Building an Image Classification Machine - VOD and Recap

MichaelG · ‎08-21-2020

Thanks to all of you who joined us for the first event of the London User Group! Josh Cooper (Data Scientist at Dataiku) presented a image classification project. Users also had the opportunity to connect with each other as well as quiz Josh on the intricacies of the project.

With today’s abundance of recyclable materials, it’s more important than ever to make sure that we’re getting rid of our waste responsibly.
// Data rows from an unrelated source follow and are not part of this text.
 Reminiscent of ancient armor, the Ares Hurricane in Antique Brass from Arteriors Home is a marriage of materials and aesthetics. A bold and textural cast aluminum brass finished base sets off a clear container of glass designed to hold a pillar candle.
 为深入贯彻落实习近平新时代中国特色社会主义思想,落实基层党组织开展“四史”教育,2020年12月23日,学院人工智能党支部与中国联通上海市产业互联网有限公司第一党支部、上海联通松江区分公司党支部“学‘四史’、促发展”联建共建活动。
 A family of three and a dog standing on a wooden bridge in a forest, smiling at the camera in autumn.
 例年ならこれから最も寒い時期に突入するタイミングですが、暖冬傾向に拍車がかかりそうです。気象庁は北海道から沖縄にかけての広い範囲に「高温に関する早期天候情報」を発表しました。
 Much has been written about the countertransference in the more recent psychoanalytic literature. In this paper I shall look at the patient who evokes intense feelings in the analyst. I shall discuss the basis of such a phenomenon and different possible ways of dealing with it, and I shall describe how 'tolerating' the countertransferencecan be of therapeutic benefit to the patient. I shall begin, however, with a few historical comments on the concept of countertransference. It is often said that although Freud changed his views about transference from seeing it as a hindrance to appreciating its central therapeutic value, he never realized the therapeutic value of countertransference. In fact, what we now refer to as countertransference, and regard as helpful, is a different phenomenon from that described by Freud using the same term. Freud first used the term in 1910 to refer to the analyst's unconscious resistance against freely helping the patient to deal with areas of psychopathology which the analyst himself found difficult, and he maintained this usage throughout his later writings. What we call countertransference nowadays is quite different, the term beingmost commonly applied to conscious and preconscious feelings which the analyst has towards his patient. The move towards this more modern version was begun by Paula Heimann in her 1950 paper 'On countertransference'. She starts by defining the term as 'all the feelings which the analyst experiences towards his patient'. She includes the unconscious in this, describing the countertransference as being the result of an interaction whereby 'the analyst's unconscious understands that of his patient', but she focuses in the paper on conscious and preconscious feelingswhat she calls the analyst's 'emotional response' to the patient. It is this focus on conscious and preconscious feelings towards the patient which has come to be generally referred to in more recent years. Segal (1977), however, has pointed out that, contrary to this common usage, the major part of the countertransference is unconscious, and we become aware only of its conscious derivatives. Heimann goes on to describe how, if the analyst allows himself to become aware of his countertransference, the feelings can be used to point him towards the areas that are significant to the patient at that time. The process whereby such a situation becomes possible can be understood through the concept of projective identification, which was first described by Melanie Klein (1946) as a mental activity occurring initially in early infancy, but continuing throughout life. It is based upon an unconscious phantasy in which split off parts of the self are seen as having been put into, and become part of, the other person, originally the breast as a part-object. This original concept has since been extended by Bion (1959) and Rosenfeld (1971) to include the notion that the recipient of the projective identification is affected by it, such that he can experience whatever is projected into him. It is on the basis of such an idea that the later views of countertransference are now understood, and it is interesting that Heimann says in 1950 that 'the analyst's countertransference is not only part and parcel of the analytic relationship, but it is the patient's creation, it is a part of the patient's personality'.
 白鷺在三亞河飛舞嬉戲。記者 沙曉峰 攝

We took a look at a Dataiku DSS project that tries to help with that.

Josh showed how to get a pre-trained image classification model retrained using owned data, and how to get this model to identify different recyclable materials on the fly, through a laptop camera, using a custom webapp.
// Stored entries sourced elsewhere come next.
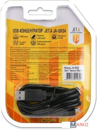 Markit » USB-хабы и док-станции » USB-хаб Jet.A JA-UH34 (черный)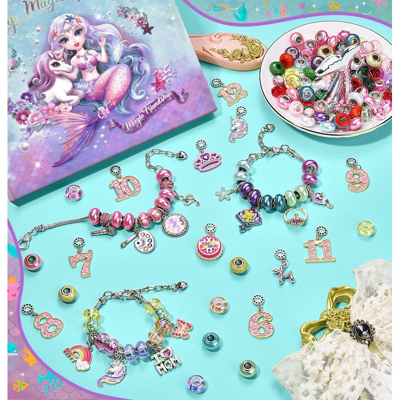 - Perfect Gift for All Occasions: Whether it's a birthday, Christmas, or just a party, our bracelet kit is the perfect gifts. It comes in a beautifully designed mermaid box, ready to be presented as a special gift. Can be stored quickly and is suitable for children to carry.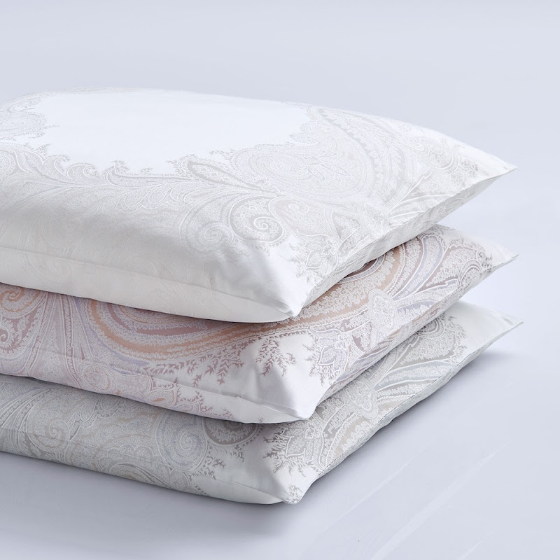 Grace is a masterpiece of jacquard weaving of the highest quality and craftsmanship. The magnificent, beautiful paisley motif is made in Italy by one of the finest weavers, in shades of gold, silver, and rose. Warp and weft colors are ingeniously interwoven to create a deep, multicolored effect with the most luxurious appearance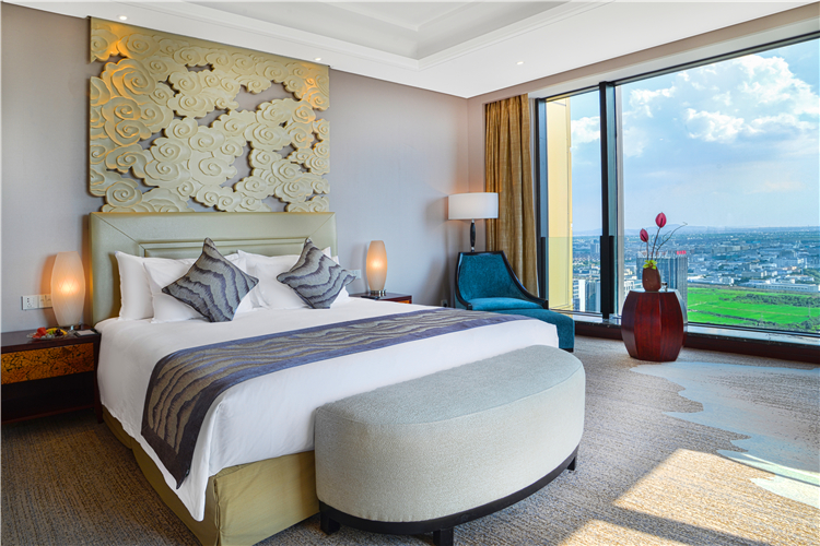 酒店高约248米共50层,设计上结合了线条和光影变化,成为海宁颇具地标性的建筑。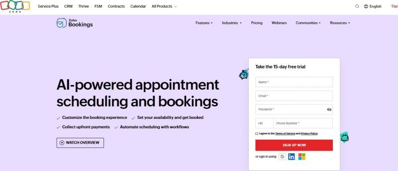 Zoho Bookings provides online appointment scheduling with calendar sync, self-booking pages, and automated reminders. It manages one-on-one services, group events, collective meetings with multiple hosts, and resource bookings like rooms or equipment. Scheduling rules control availability, locations, meeting types, reminders, pricing, and cancellations.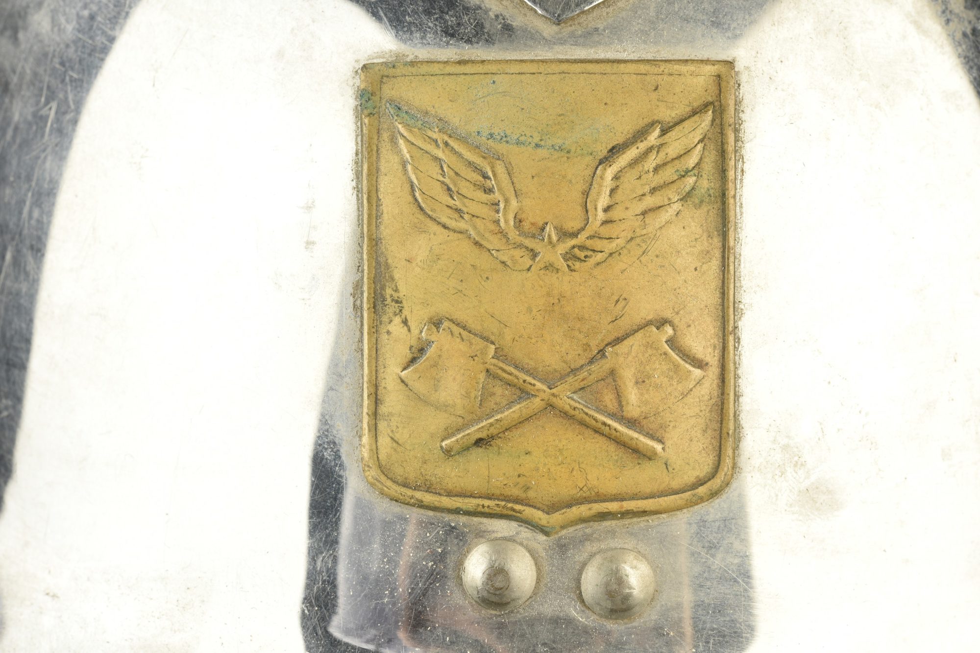 Casque 1933 pompiers aviation. Modèle 1933 entièrement chromé, jonc en laiton, grenade rapportée sur le cimier. Attribut en laiton en forme d’écu possédant l’insigne spécifique à l’aviation légère. Coiffe en cuir dont avec une agrafe réparée et une absente. Numéro 51 dans la nuquière. Etat II+

Here is the recording for those of you who couldn't make the event!

Be sure to join the London User Group to be informed of upcoming events and chat with fellow DSS users based in London!

As you may know, Dataiku User Groups are led by volunteer users who contribute their time and communication skills to enable fellow users to learn from each other. If you’d like to run this group, please fill out this quick form and we’ll get back. Thanks for your interest!

I hope I helped! Do you Know that if I was Useful to you or Did something Outstanding you can Show your appreciation by giving me a KUDOS?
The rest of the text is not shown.